En los mismos nueve biomarcadores también se determinó si había diferencias estadísticamente significativas entre las muestras de mujeres con condiciones benignas y mujeres con cada subtipo individual de cáncer de ovario (Fig. 3). Para los carcinomas de células claras, α1-antitripsina y proteína C reactiva fueron altamente discriminatoria (valores de p & lt; 0,001), seguido en orden decreciente por HE4, CA-125 y α-IL2 receptores (P-valores de 0,01-0,05). Para YKL-40, fibronectina celular, CA 72-4 y prostasina no hubo diferencias estadísticas (P-value & gt; 0,05). Para los carcinomas endometrioide, hubo diferencias altamente significativas para HE4 y CA-125 (valores de p & lt; 0,001) y diferencias significativas para la proteína C-reactiva, fibronectina celular, CA 72-4 (P-valores 0,01-0,05). Para α1-antitripsina, α del receptor de IL-2, YKL-40 y prostasina no hubo diferencias estadísticas (P-valores & gt; 0,05). Para los carcinomas mucinosos, sólo el CA 72-4 tuvo una diferencia significativa (p-valor 0,01-0,05). Para los carcinomas serosos y mixtos, los nueve biomarcadores tenían diferencias altamente significativas (P-value & lt; 0,001). Por lo tanto, con la excepción de carcinomas mucinosos, los nueve biomarcadores son informativos para todos los subtipos de cáncer de ovario comunes, sin embargo, sus diferentes potencias discriminativos sugiere que diferentes combinaciones de marcadores pueden ser útiles para diferentes subtipos. Mientras que habría sido preferencial para encontrar biomarcadores más informativos para el subtipo mucinoso, es relativamente raro. De hecho, sólo el 6,0% de los cánceres en el estudio eran del subtipo mucinoso (Tabla 1).
El cuadro de límites representan los percentiles 25 y 75, y el bar dentro de la caja representa el valor de la mediana. Los valores mínimos y máximos están representados por los extremos de los bigotes. ***, Valor de p & lt; 0,001; **, P-valor 0,001-0,01; *, P-valor de 0,01-0,05; ns, valor de p & gt; 0,05. Abreviaturas: Ovča, cáncer de ovario; No OvCa, el cáncer de ovario no; CA, antígeno de cáncer; IL, interleucina.

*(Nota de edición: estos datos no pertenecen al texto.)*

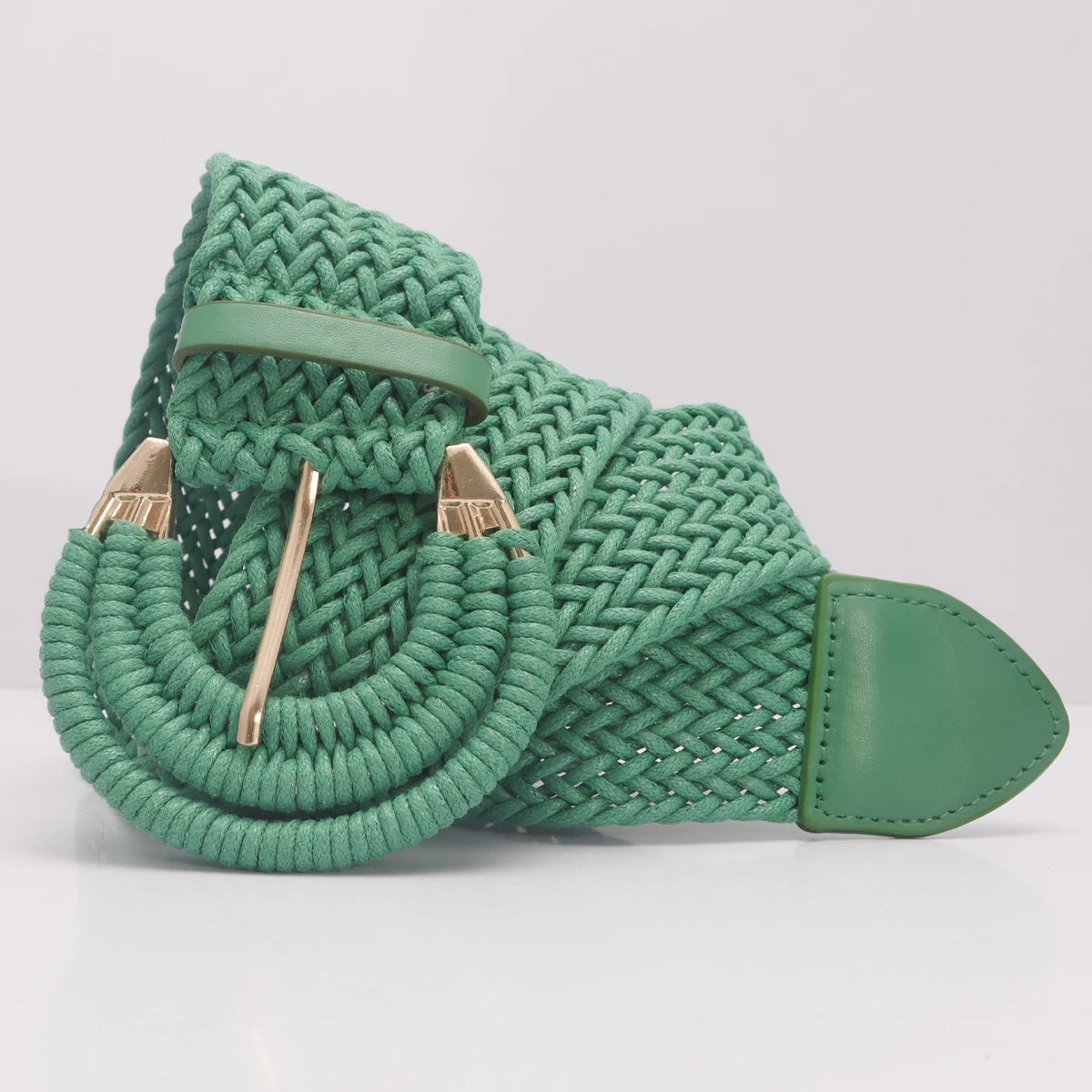 Green Woven Rattan Straw Waist Belt for Women Alloy Buckle Braided Belt for Dress
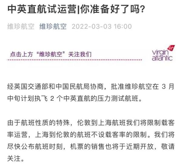 除此之外,英国维珍航空也计划在3月中旬执飞2个中英直航的压力测试航班,从伦敦直飞上海。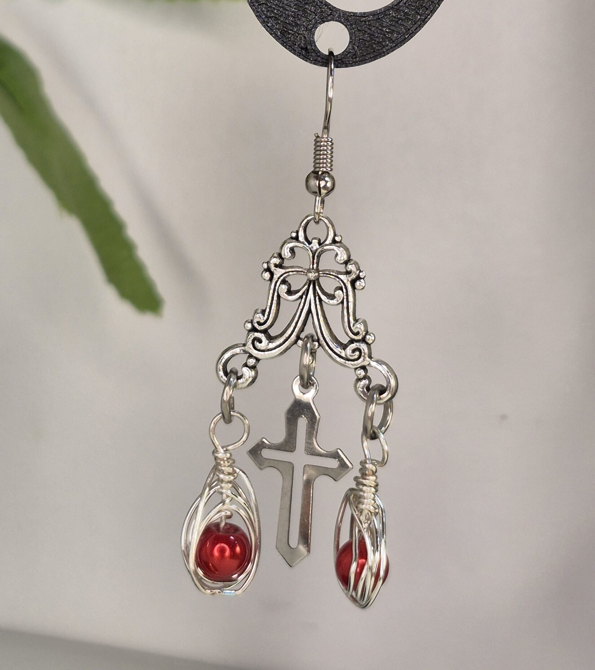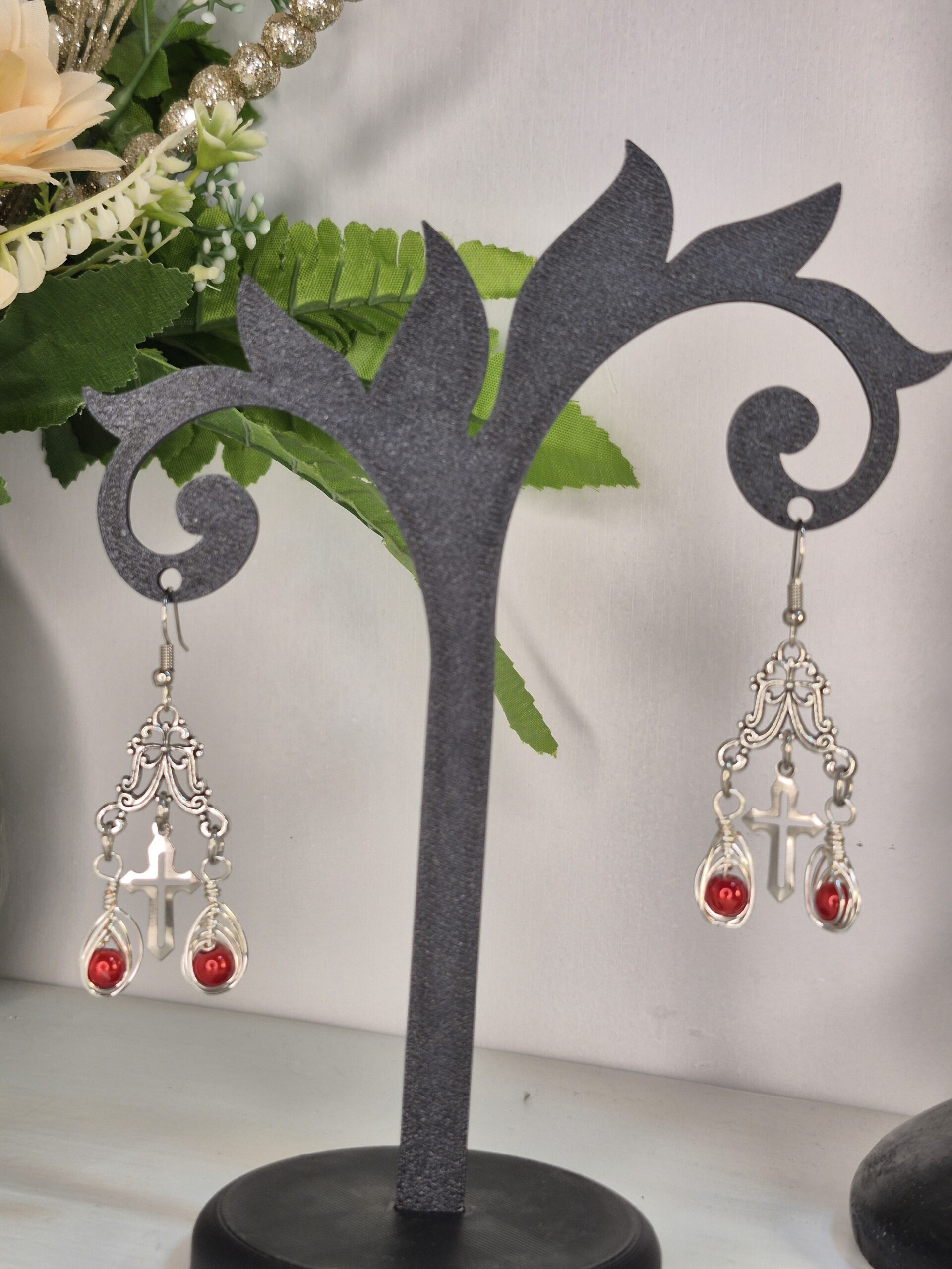 Aritos Dark Cathedral. Inspirados en arquitectura gótica con cruz metálica y lágrimas rojas encapsuladas. Dramáticos, vampíricos y perfectos para looks dark y alternativos. Estilo DokiDoom.

Por simplicidad y la eficacia de costes, el uso de un solo biomarcador se prefieren sobre los múltiples biomarcadores. Sin embargo, es evidente que los biomarcadores individuales pueden no ser capaces de capturar la diversidad inherente de los complejos de enfermedades tales como el cáncer de ovario. Una prueba informativo busca combinar múltiples biomarcadores de una manera que cada marcador añade un tipo diferente de discriminación ya sea a toda la población de pacientes o las subdivisiones de población realizadas por los otros marcadores. En pocas palabras, los marcadores con mala correlación entre sí tienen una mayor probabilidad de contribuir de forma individual a un panel de marcadores con fuerte correlación entre sí.